The optimization objective of the population partitioning module 222 considers both graph structure and node attributes. The output h (v) of the population division module contains more graph structure information nodes (negative samples) by pulling the node v and its neighbors (positive samples) closer to each other in the embedding space while keeping the node v away from other nodes using contrast learning. Initially, masquerading may be detrimental to group partitioning because masquerading edges associated with spatial masquerading always connect benign and rogue nodes. To facilitate early population partitioning in the training process, time correlation is used to weight the positive samples. By measuring the behavioral similarity, the temporal correlation may reduce the weight of the camouflage edges. To this end, the population division penalty can be expressed as follows:
Wherein denotes a population division penalty, M is a negative sample, randomly selected from node V except its neighbors; h (v i) is the output of node v i through the RNN, h (v j) is the output of node v j in the negative sample through the RNN, and E and/> are updated using the latest generic graph and graph trace, respectively.
Before introducing the masquerading identification module 224, first, it is described how the masquerading is embodied in the snapshot map and how the masquerading is removed from the snapshot map. Masquerading during t is reflected on node features and edge features at snapshot map G t. In one embodiment of the invention, the disguising operation is from edge to point of entry, and node characteristics are adjusted according to edge characteristics.
In one embodiment of the present invention, the masquerading recognition module includes a mask generating unit, an edge feature updating unit, and a masquerading removing unit (not shown in the figure).

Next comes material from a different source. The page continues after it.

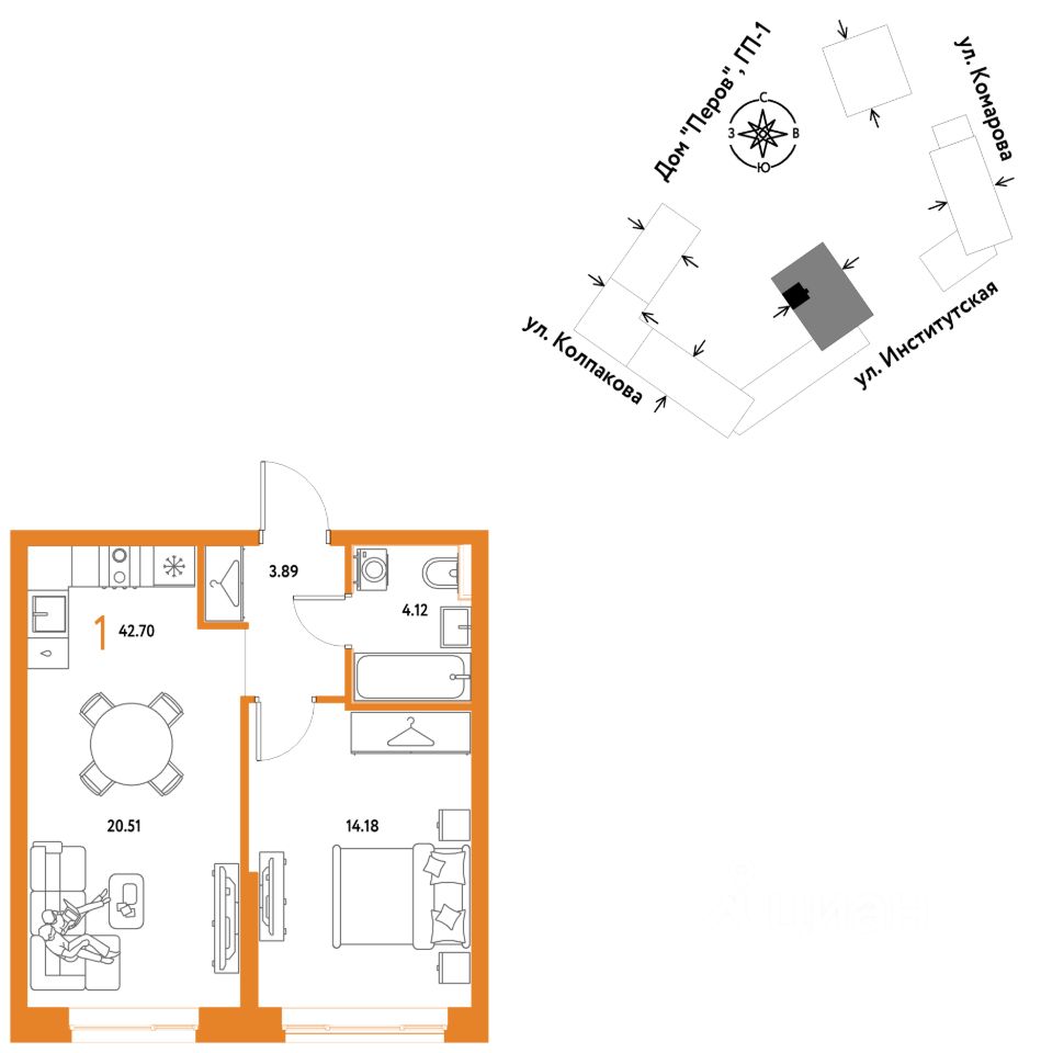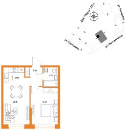 1комнатная квартира площадью 42,7кв. м. на 16 этаже от застройщика Страна Девелопмент.

Specifically, to remove masquerading, masquerading identification module 224 outputs a mask for each edge of each snapshot map that is associated with a rogue node via a mask generation unit. In the masquerading identification module 224, the time embedding layer is BiLSTM, so that node information of different time steps is mutually enhanced. As an example, the mask generating unit further includes an embedding generating unit and an embedding converting unit.

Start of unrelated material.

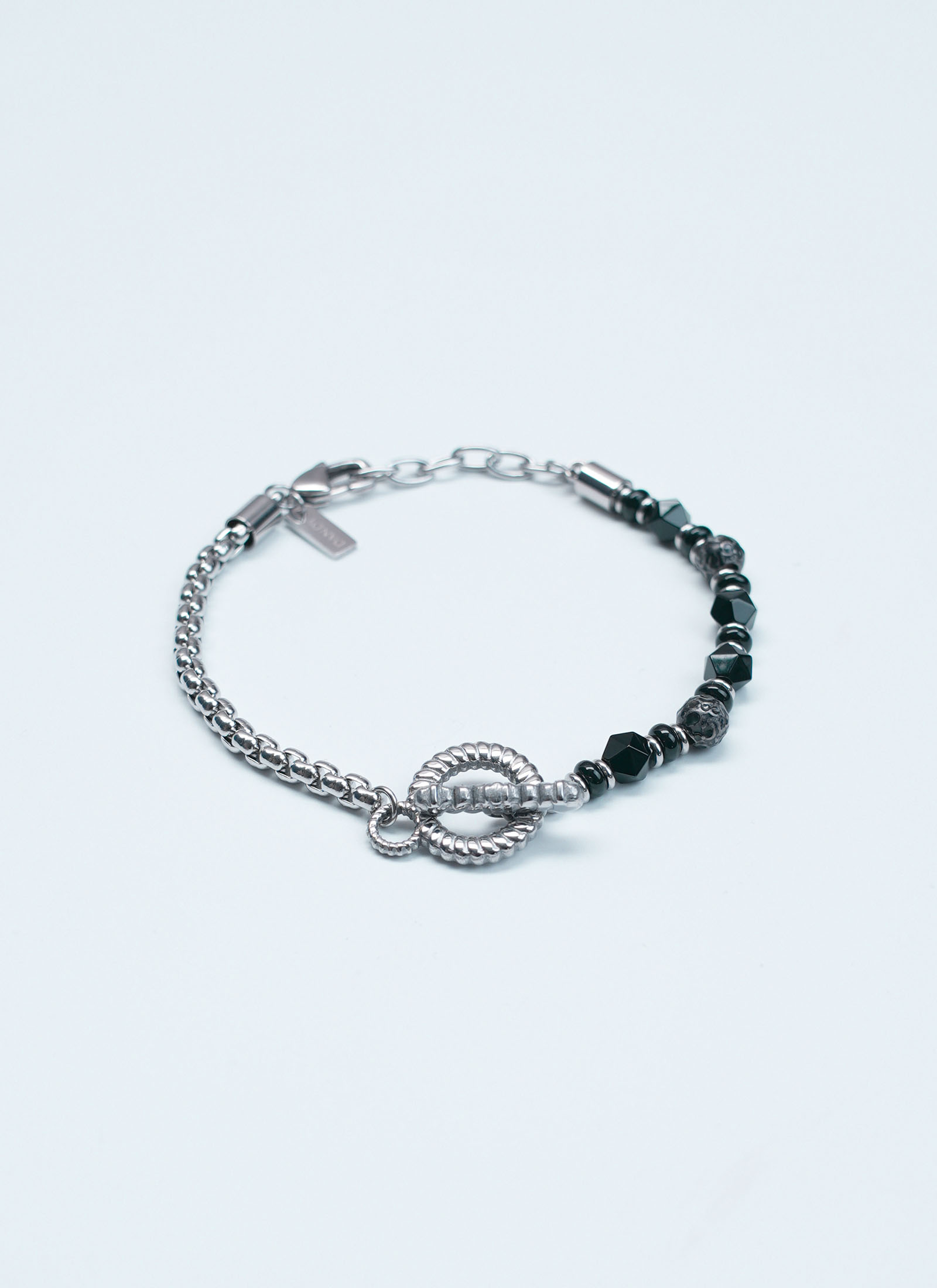 ออกแบบด้วยการผสานระหว่างโซ่สแตนเลสสตีลดีไซน์คลาสสิก กับหินโทนดำเข้มที่คัดเลือกอย่างพิถีพิถัน เสริมด้วยดีเทลโลหะทรงบิดที่โดดเด่น สื่อถึงความหนักแน่น ความมั่นคง และความเป็นผู้นำอย่างมีรสนิยม ตัวงานให้ลุคเข้ม สุขุม แต่แฝงด้วยความหรู เหมาะสำหรับ        ผู้ชาย  ที่ชอบเครื่องประดับมีคาแรกเตอร์ชัด ใส่แล้วเสริมบุคลิกให้ดูนิ่ง เท่ และทรงพลังในทุกโอกาส

Wherein the embedding generating unit is configured to generate a mask embedding H' t(mij for each edge associated with the spoofed node given the output of the embedding layer and edge embedding H t (E), where m ij represents the edge associated with the spoofed node. An embedding conversion unit for embedding and converting each mask into a mask value, the mask value being a continuous value between 0 and 1. To this end, a smooth approximation of the tanh function is used to generate a mask of edges associated with the spoofed node, as shown in the following equation:
where W and b are learnable parameters, is a superparameter for controlling the smooth approximation strength, and a mask for outputting an edge related to a spoofed node, for convenience, names a disguised corresponding node and edge as a disguised node and disguised edge, respectively. For those normal edges, the mask is close to 1, while for camouflage edges, the mask should be less than 1. Then, the edge characteristic is updated by multiplying the edge characteristic by the element-by-element of the mask by the edge characteristic updating unit, which is indicated as +.. Finally, the corresponding node features are adjusted to align with the edge features by the edge feature update unit. Thus, the camouflage in the snapshot map can be easily removed. Accordingly, the edge weight a ij of the camouflage edge in the generic graph G is also reduced.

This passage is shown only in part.